Segment Start: DATA SECTION

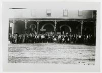 Large group of men with shovels in front of County offices attached to old Courthouse on Warren [8th] Street carrying signs
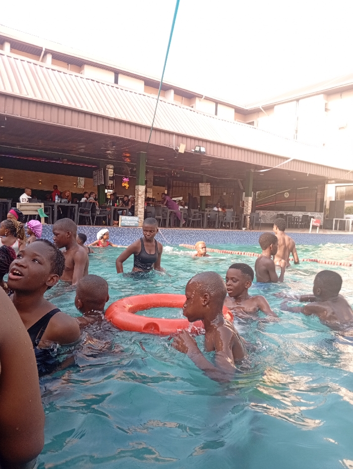 Several people swim in a pool outside a building. The swimmers are mostly children, many are dark-skinned. An orange life preserver floats in the pool. The building has a shaded patio area with tables and chairs, occupied by people. The pool's edge has a white tile border. The scene appears to be daytime.
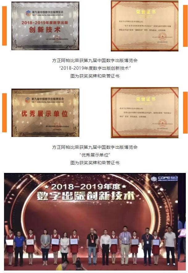 方正阿帕比榮獲第九屆中國(guó)數(shù)字出版博覽會(huì)“2018-2019 年度數(shù)字出版創(chuàng)新技術(shù)”圖為獲獎(jiǎng)獎(jiǎng)牌和榮譽(yù)證書(shū)
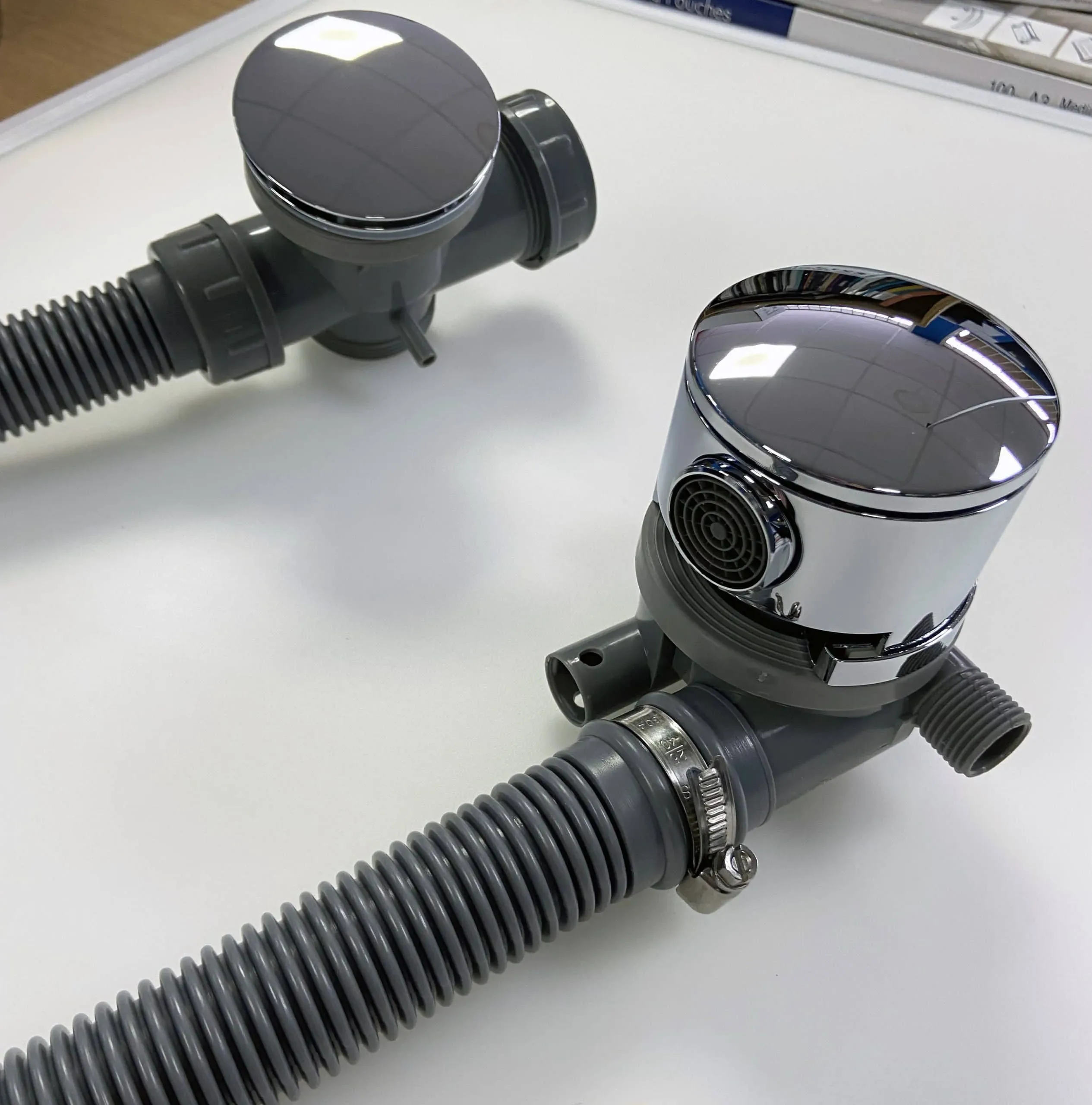 The filler and waste both have an ABS body so they won’t rust and keeps cool when filing a hot bath
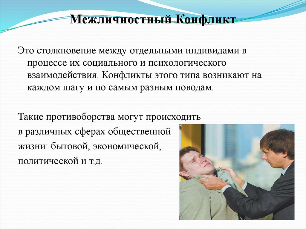 Межличностный КонфликтЭто столкновение между отдельными индивидами в
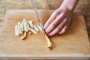 太い茎を使って残った、皮と穂先でつくる、きんぴらの作り方です。
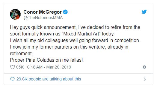 Conor McGregor, the controversial former UFC featherweight and lightweight champion, tweeted late Monday night that he has decided to retire from MMA. It’s possible McGregor wasn’t being serious, as you never really know with him.
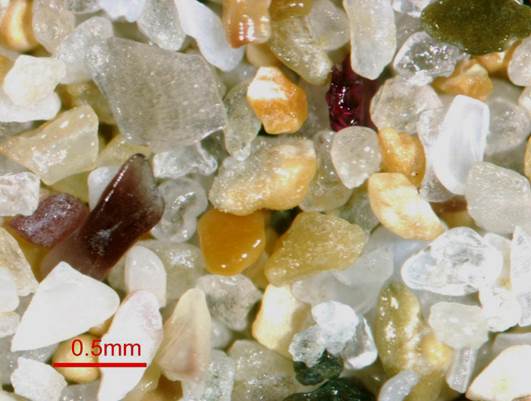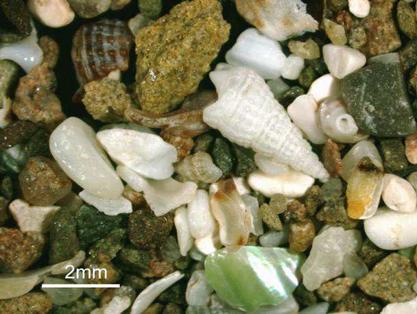quartz grains, variably-colored and abraded mollusc shell fragments, and some
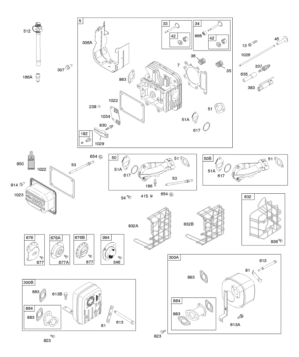 Parts for Briggs & Stratton 31R607-0001-B1: Cylinder Head, Exhaust System, Intake Manifold, Valves Parts
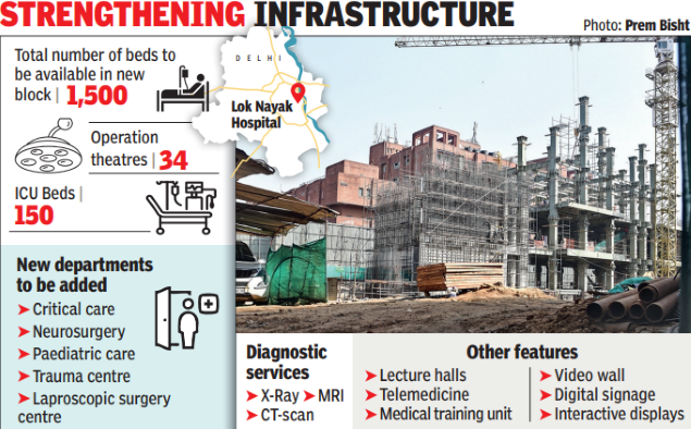 “The new block will have greater focus on maternity and advanced paediatrics, along with medicine. There will be a specialised maternal fetal medicine unit in the new building,” said Lok Nayak medical director Dr Suresh Kumar.
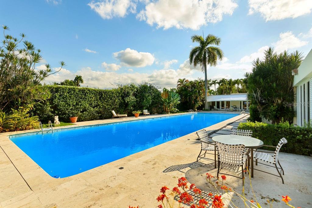 Elegant estate nestled on the coveted Orquidea Street in Santa María, this home offers refined living surrounded by lush landscaping and spacious interiors. This exceptional residence provides expansive, thoughtfully designed spaces on a beautifully landscaped lot of approximately 4,362.16 square meters. The main living area is arranged on a single level, beginning with a tropical garden entrance that leads into a grand living room with seamless access to the patio. Adjacent is an ensuite guest room, perfect for visitors or as a private office. The formal dining room opens to its own intimate patio, followed by a bright, large kitchen with generous storage, laundry room, and a utility room with ensuite bathroom for added convenience. The bedroom wing features four spacious bedrooms and a comfortable family room. Two bedrooms share a large bathroom, while a junior suite includes an office nook. The primary bedroom suite overlooks the pool and patio, offering a peaceful retreat. On the lower level is a versatile open-concept space currently used as a game room, complete with its own kitchen and two full bathrooms. This area could easily be converted into a separate guest suite. Outdoors, the front yard welcomes you with manicured gardens and a stately entrance. In the backyard, a semi-Olympic pool with four swim lanes offers a swimmer’s dream setup, ideal for both recreation and exercise. The home offers an impressive 6,202.70 square feet of interior living space, plus an additional 2,318.40 square feet of terrace, porch, garage, and storage, for a total of approximately 8,521.10 square feet under roof. With 4 bedrooms, 1 guest room, 1 utility room, 7 full bathrooms, 1 half bathroom, and a 3-car garage, this remarkable property delivers both comfort and grandeur. Now available for sale for the first time, schedule your private tour today!
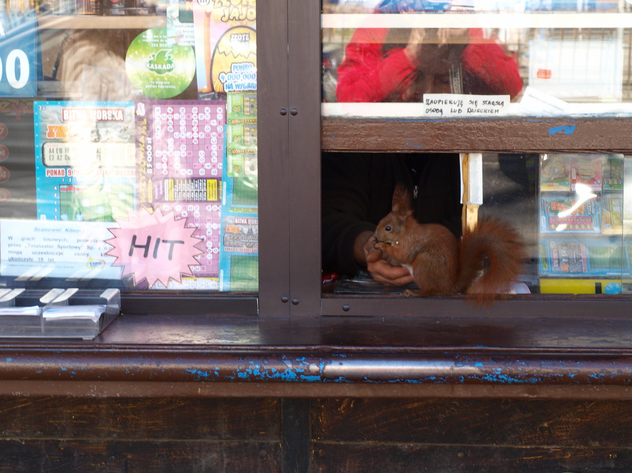 Mała wiewiórka przyszła do kiosku z gazetami........chyba po orzeszki, a ja ją Olkiem potraktowałem i mam![]()
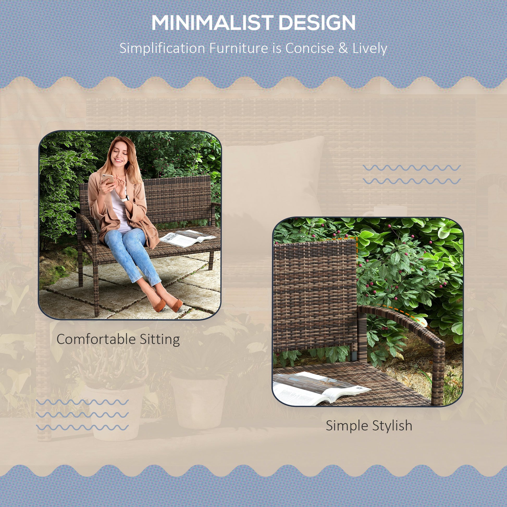 Bring a new stylish feel to your outdoors with this bench . It's formed of a two layer design: a metal frame for a strong structure, wrapped with PE wicker for extra protection and durability. The brown colour is stylish and blends in with other garden furniture easily. The two-seater design gives room to relax with a friend, finished with a high back and armrests for support. Minimal upkeep, with maximum comfort and delight.Specifications
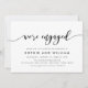 Élégante Invitation de la partie d'engagement avec les mots "Nous sommes engagés" dans un script de relaxation cursive en noir contre un arrière - plan blanc. La carte est recouverte d'un côté noir avec des lignes blanches qui se chevauchent. Personnalisez-le en remplaçant le texte de l'espace réservé. Pour plus d'options comme changer la police et sa taille/couleur ou l'espacement entre les lettres cliquez sur le bouton "Personnaliser". *Veuillez noter que le filigrane Zazzle qui apparaît dans l'aperçu du zoom n'apparaîtra PAS sur le produit imprimé final. © Bois de rose et agrumes

Segment End: DATA SECTION

▶ **ABOUT THIS TASK**:
The records above are to be transcribed word for word. Skip the images.

▶ **ANSWER TO THE EXERCISE**:
 Large group of men with shovels in front of County offices attached to old Courthouse on Warren [8th] Street carrying signs
 Several people swim in a pool outside a building. The swimmers are mostly children, many are dark-skinned. An orange life preserver floats in the pool. The building has a shaded patio area with tables and chairs, occupied by people. The pool's edge has a white tile border. The scene appears to be daytime.
 方正阿帕比榮獲第九屆中國(guó)數(shù)字出版博覽會(huì)“2018-2019 年度數(shù)字出版創(chuàng)新技術(shù)”圖為獲獎(jiǎng)獎(jiǎng)牌和榮譽(yù)證書(shū)
 The filler and waste both have an ABS body so they won’t rust and keeps cool when filing a hot bath
 Межличностный КонфликтЭто столкновение между отдельными индивидами в
 太い茎を使って残った、皮と穂先でつくる、きんぴらの作り方です。
 Conor McGregor, the controversial former UFC featherweight and lightweight champion, tweeted late Monday night that he has decided to retire from MMA. It’s possible McGregor wasn’t being serious, as you never really know with him.
quartz grains, variably-colored and abraded mollusc shell fragments, and some
 Parts for Briggs & Stratton 31R607-0001-B1: Cylinder Head, Exhaust System, Intake Manifold, Valves Parts
 “The new block will have greater focus on maternity and advanced paediatrics, along with medicine. There will be a specialised maternal fetal medicine unit in the new building,” said Lok Nayak medical director Dr Suresh Kumar.
 Elegant estate nestled on the coveted Orquidea Street in Santa María, this home offers refined living surrounded by lush landscaping and spacious interiors. This exceptional residence provides expansive, thoughtfully designed spaces on a beautifully landscaped lot of approximately 4,362.16 square meters. The main living area is arranged on a single level, beginning with a tropical garden entrance that leads into a grand living room with seamless access to the patio. Adjacent is an ensuite guest room, perfect for visitors or as a private office. The formal dining room opens to its own intimate patio, followed by a bright, large kitchen with generous storage, laundry room, and a utility room with ensuite bathroom for added convenience. The bedroom wing features four spacious bedrooms and a comfortable family room. Two bedrooms share a large bathroom, while a junior suite includes an office nook. The primary bedroom suite overlooks the pool and patio, offering a peaceful retreat. On the lower level is a versatile open-concept space currently used as a game room, complete with its own kitchen and two full bathrooms. This area could easily be converted into a separate guest suite. Outdoors, the front yard welcomes you with manicured gardens and a stately entrance. In the backyard, a semi-Olympic pool with four swim lanes offers a swimmer’s dream setup, ideal for both recreation and exercise. The home offers an impressive 6,202.70 square feet of interior living space, plus an additional 2,318.40 square feet of terrace, porch, garage, and storage, for a total of approximately 8,521.10 square feet under roof. With 4 bedrooms, 1 guest room, 1 utility room, 7 full bathrooms, 1 half bathroom, and a 3-car garage, this remarkable property delivers both comfort and grandeur. Now available for sale for the first time, schedule your private tour today!
 Mała wiewiórka przyszła do kiosku z gazetami........chyba po orzeszki, a ja ją Olkiem potraktowałem i mam![]()
 Bring a new stylish feel to your outdoors with this bench . It's formed of a two layer design: a metal frame for a strong structure, wrapped with PE wicker for extra protection and durability. The brown colour is stylish and blends in with other garden furniture easily. The two-seater design gives room to relax with a friend, finished with a high back and armrests for support. Minimal upkeep, with maximum comfort and delight.Specifications
 Élégante Invitation de la partie d'engagement avec les mots "Nous sommes engagés" dans un script de relaxation cursive en noir contre un arrière - plan blanc. La carte est recouverte d'un côté noir avec des lignes blanches qui se chevauchent. Personnalisez-le en remplaçant le texte de l'espace réservé. Pour plus d'options comme changer la police et sa taille/couleur ou l'espacement entre les lettres cliquez sur le bouton "Personnaliser". *Veuillez noter que le filigrane Zazzle qui apparaît dans l'aperçu du zoom n'apparaîtra PAS sur le produit imprimé final. © Bois de rose et agrumes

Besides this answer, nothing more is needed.